# Random Nationals Photos (very photo heavy)



## Leeana (Sep 14, 2008)

I will most likey have to make multiple posts to get all the photos in....once i get sheryls permission i might throw in a few from her farm too. So this is your warning, this page is is going to be very photo heavy.

Left on tuesday around 11:30pm for Sheryls farm in TN...arrived around noon wensday at sheryls farm (12'ish hour drive). As most of you know this was my first Nationals, and i went with Sheryl and Ernie to help and be an extra set of hands when needed...had a fun time although i swear it felt like we arrived...clipped bathed clipped bathed clipped bathed clipped bathed then clipped some more and left. It was fun though and had a great time. Overall had a great time, watched many of the halter classes which was what i was most looking forward too. We roomed with Dana (ruffian) and Deana all week. On saturday (i think..?) we visited the Martins Pony Farm in OK, they have so many beautiful ponys for the picking and any one of them could have came home to live here, there was one filly that really really cought my eye ..but she was already taken (Mrs Stassle




). I will get onto the pics now...i'll do National photos first...

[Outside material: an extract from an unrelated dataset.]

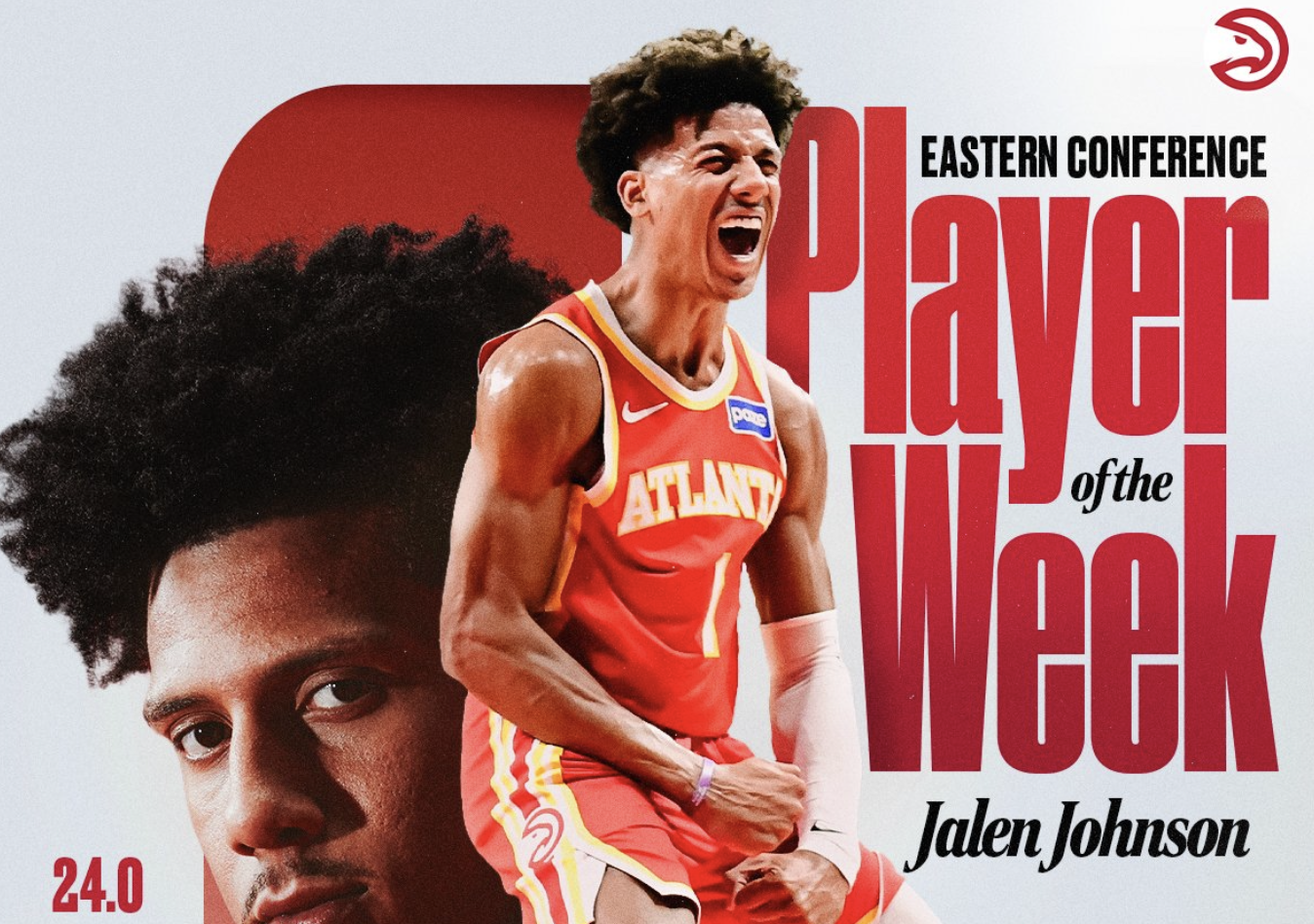 很多当中的第一个!老鹰官方祝贺杰伦-约翰逊当选东部周最佳

The Water'N Hole ....a personal faverite place to visit. Many pit stops made here while venturing threw barn B










JC's Jenga the National GRAND Champion Stallion Over and I after the presentation of the grand class






We had a few center ring visitors during the grand champion stallion class....






Ernie and Jag getting harnessed up for their Country Pleasure Class






Yacky yacky yack....on the phone with either Judy or Frannie between classes






You can insert your own caption for this one but i believe it speaks for itself










Who could these eyes belong to? ....Jill would you know?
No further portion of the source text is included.